Thursday, October 1, 2009

Roman Polanski survived the Holocaust to be raised by his father. His father was also a Survivor, but to become so had to endure Matthausen, a camp deadly enough that no reliable figures exist for the casualties. The Nazis destroyed most of the statistics before liberation, but it's believed that somewhere between 170,000 and 320,000 people were killed (though some historians have put the figure at 2 million). After a childhood under Stalin and Hitler, Polanski was rewarded with a young adulthood in Gomulka's Poland. As a budding Polish director, his first film had enormous success but came under official criticism at a time when official criticism often meant imprisonment and sometimes worse.

He received asylum in France in an era when defection from a Communist country was anything but easy. His first period in France was unsuccessful because the arts in France were dominated by fellow travelers like Jean-Luc Godard and Jean Paul Sartre who were hostile to anyone who might contradict their view of the Soviet Union as the anti-imperialist savior of the world. One bad word from a famous cultural figure was enough to scare producers into refusing Polanski more than a few francs at a time. So Polanski had to move to London, where he found success and began his western career in earnest.

But Polanski's early movies had very little to do with politics. He was much more interested in human beings, and particularly in their humiliation. The streak of cruelty that marks his movies (and his personal life) was manifest from the very beginning. Whereas filmmakers today like Quentin Tarantino and Robert Rodriguez use violence as an omnipresent force whose shock barely registers on the screen, the violence in Polanski's films slices to the cruelest possible angle. Perhaps a man who saw so much of life's terrors would see brutality as a part of the commonplace, or maybe Polanski was just a born sadist. But even with the Hitchcockian manner by which he makes his characters suffer (particularly his female characters), he seems to identify with their suffering in a way the Hitchcocks of the world never do. In a perverse, almost psychopathic way, there lurks a feminist streak to Polanski. It is hardly a streak that absolves him, but certainly one that that should make people question the standard writeoff of him as a born mysogenist.
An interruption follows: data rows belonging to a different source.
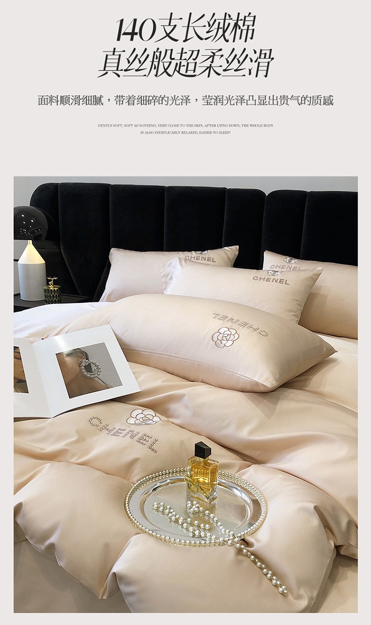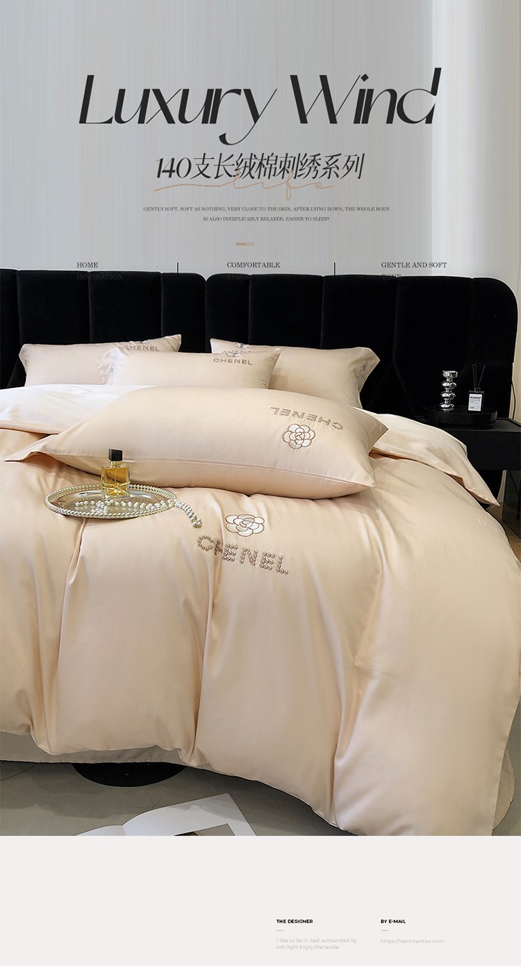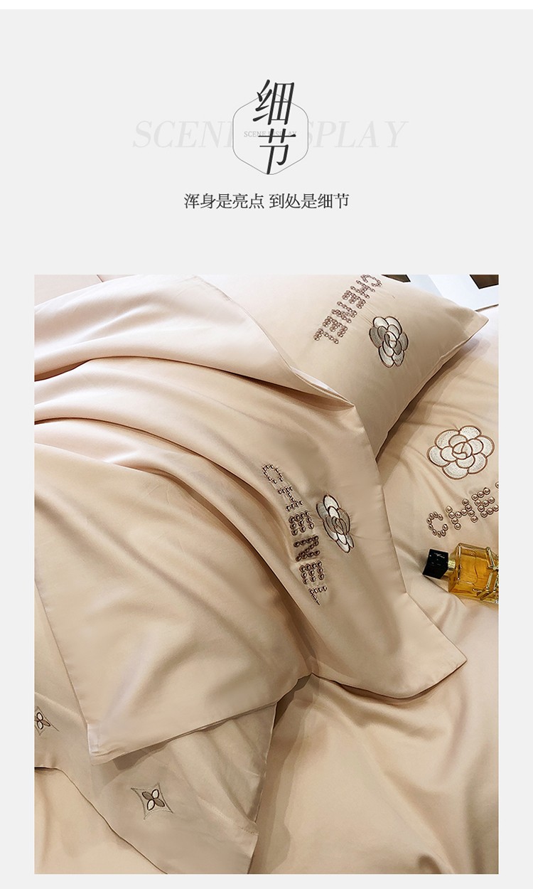 凯磊 新款高支高密.长绒棉刺绣四件套--浪漫 浪漫-甜杏色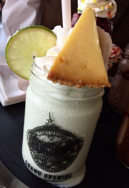 Key Lime Pie Milkshake: sorvete de creme de leite, leite condensado, suco de limão, açúcar cal e uma rodela de limão. Preço: 12 dólares.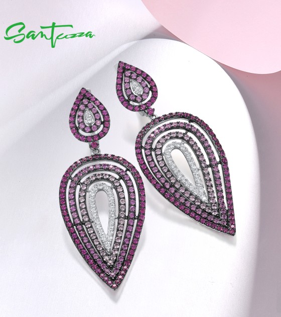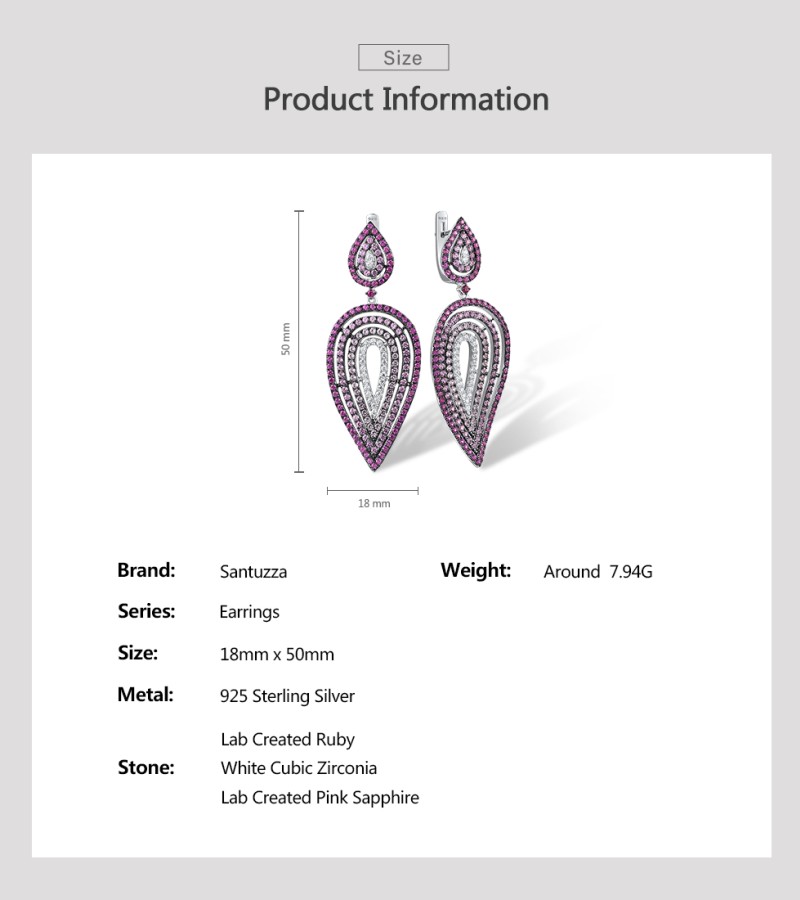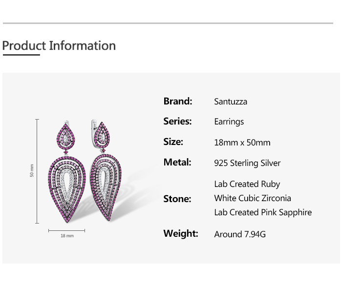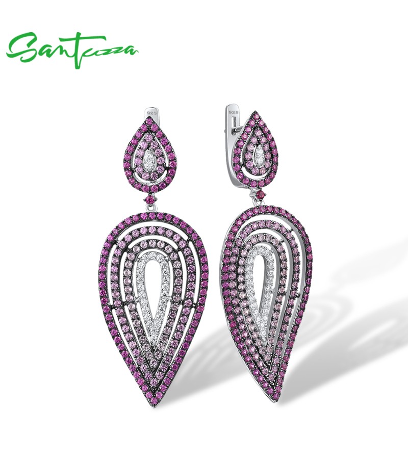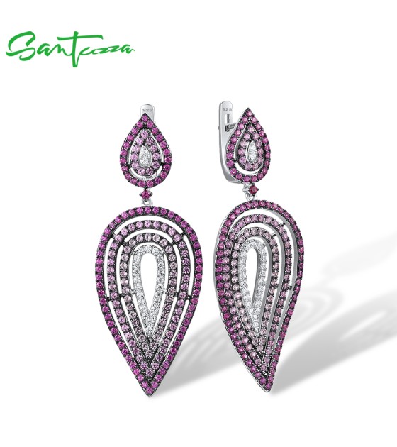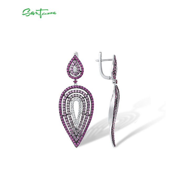 SANTUZZA 925 Silver Dangling Earrings Sterling Silver Created Pink Sapphire Ruby Jewelry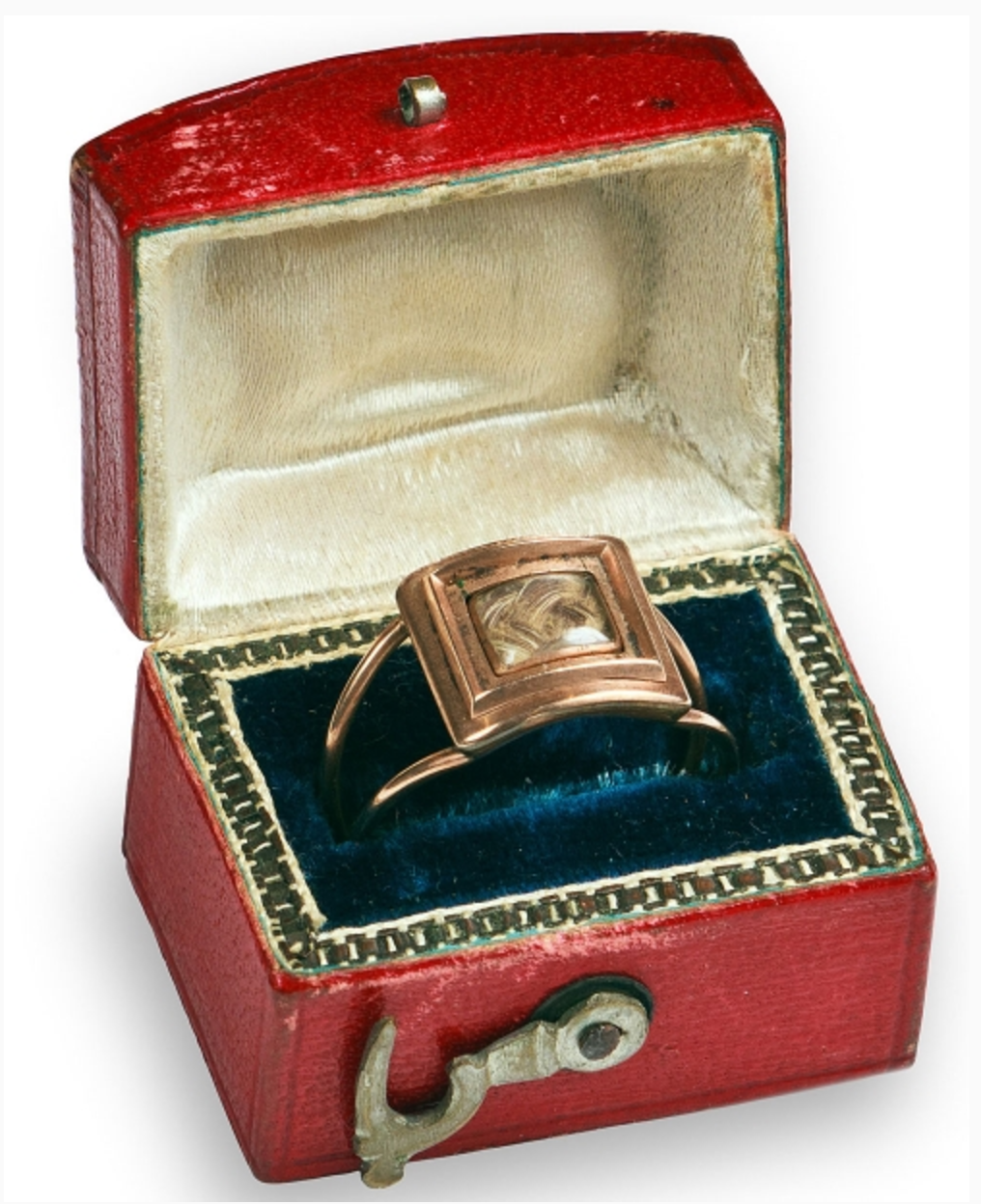 Above: Gold mourning ring, containing the braided hair of Gen. Alexander Hamilton, presented to a friend of Hamiltons by his wife in 1805. New-York Historical Society.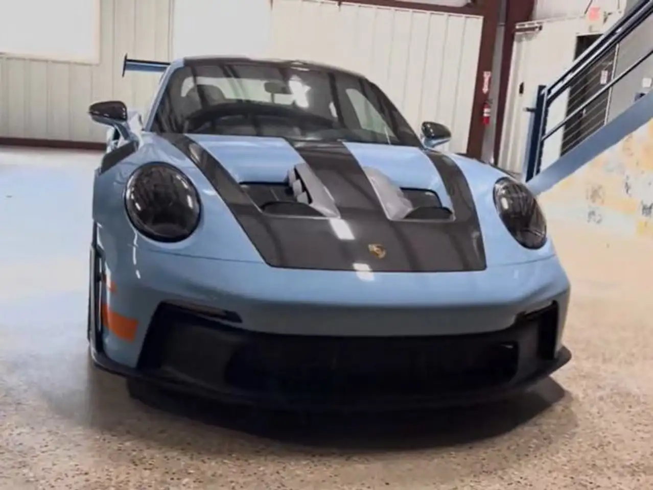 Sonderlackierung in Gulf Blue mit orangefarbenen Akzenten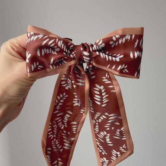 Ottavia verkörpert bodenständige Eleganz – eine Schleife in warmen Farbtönen, die an den Herbst erinnert und sich seidig weich anfühlt. Sattes Schokoladenbraun trifft auf zarte Pflanzenmuster und kreiert so einen Look, der erdig, nostalgisch und mühelos raffiniert ist.

His most famous early movie, Repulsion, is a case study of the madness that creeps in from isolation. The icily beautiful Carol (played by the icily beautiful Catherine Deneuve) comes to stay with her sister and gets into an argument with her sister's omnipresent yet married boyfriend. After the argument, Carol's sister goes on vacation with him to Italy and Carol finds herself trapped in her sister's apartment with the effects of an insanity that becomes more apparent every passing day. Unable to connect with people in either her personal life or her work, she comes completely undone over the course of a week. We helplessly watch as her hair gets messy, her clothes become tattered, and the food she refuses to eat rots on the table. Having previously confided that she is a virgin and perpetually afraid of men, she attempts to connect with a man only to end up blugeoning him with a candlestick and then cuts the throat of her sister's groping landlord with a straight razor. The sister comes home at the end of the week to find the dead bodies and Carol hiding under the bed. In the final shot, the camera pans to a family portrait in which Carol isolates herself from the rest of the family's domestic contentment.